Whether in good or bad economic times, the goal of securing your Marketing budget depends on Marketing’s relationship with the C-Suite, especially the CFO. To keep or expand your Marketing budget, forge a stronger partnership with your Finance colleagues. In many organizations, the relationship between the two organizations is more adversarial than collaborative. A key source of the friction is derived from using the same words to mean different things. For example, consider “brand equity.” The Marketing professional uses this term to describe the health of the brand’s franchise with its key audiences; the Finance professional uses it to characterize the brand as an economic asset. Whatever their differences, Marketing and Finance professionals need to find common ground. The Marketing metrics reflect this common ground.

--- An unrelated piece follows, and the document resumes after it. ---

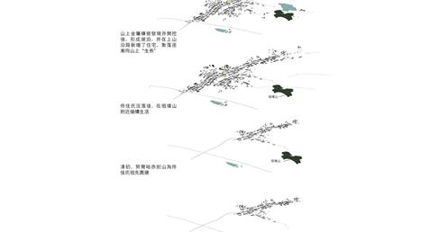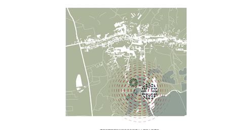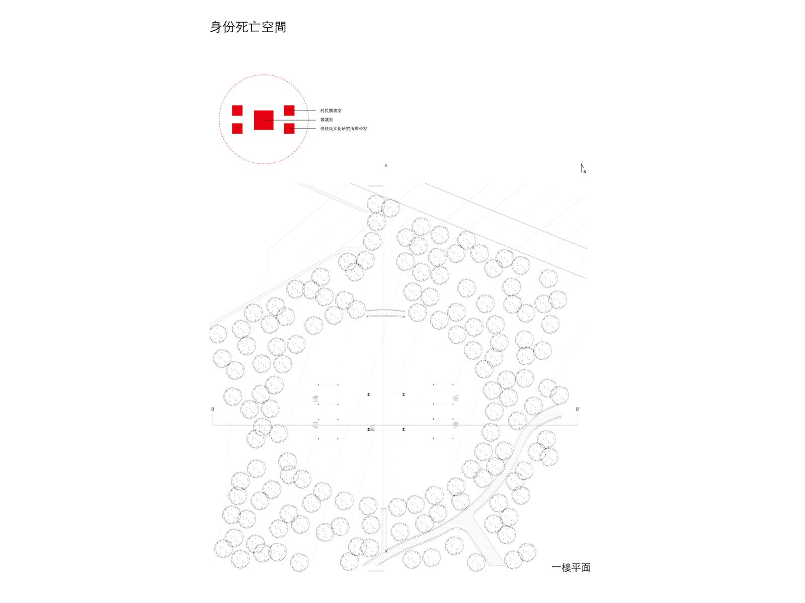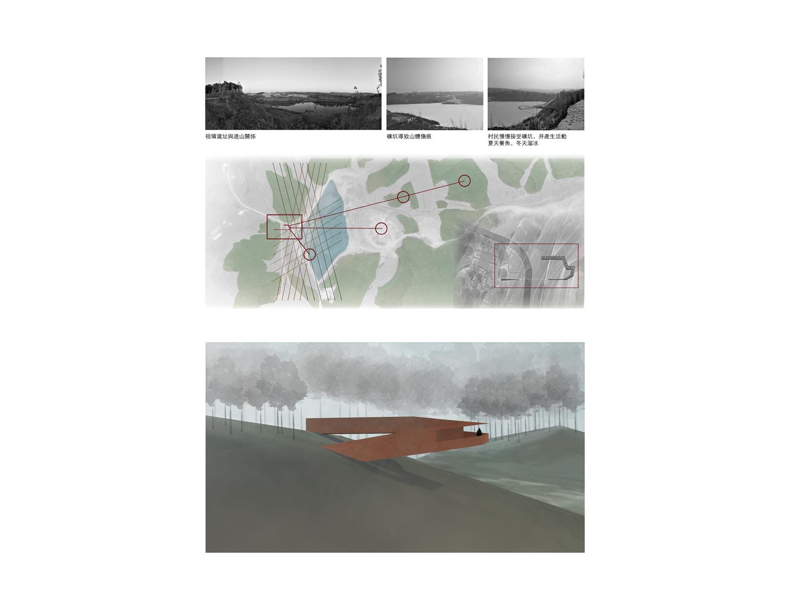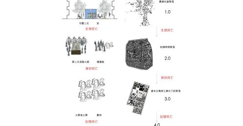 設計在家族墓地這個活的墓裡置入城市機能服務空間,形成一個新的界面,界定墓地與未來城市,進而保護村莊。

To Select the Right Marketing Metrics, Get Clarity on What Value is
Marketing and Finance both have well-developed ideas about what value is and how it should be measured. Unfortunately, their ideas are very different. Marketing professionals typically think of value as a customer concept. Value represents the ratio between the perceived benefit that a product or service offers and its cost to the customer, and therefore is a concept external to the customer. Financial professionals link value with the concept of value creation, that is, does this activity earn a sufficient return on our investment?” Viewed from this perspective, value is a financial concept internal to the company.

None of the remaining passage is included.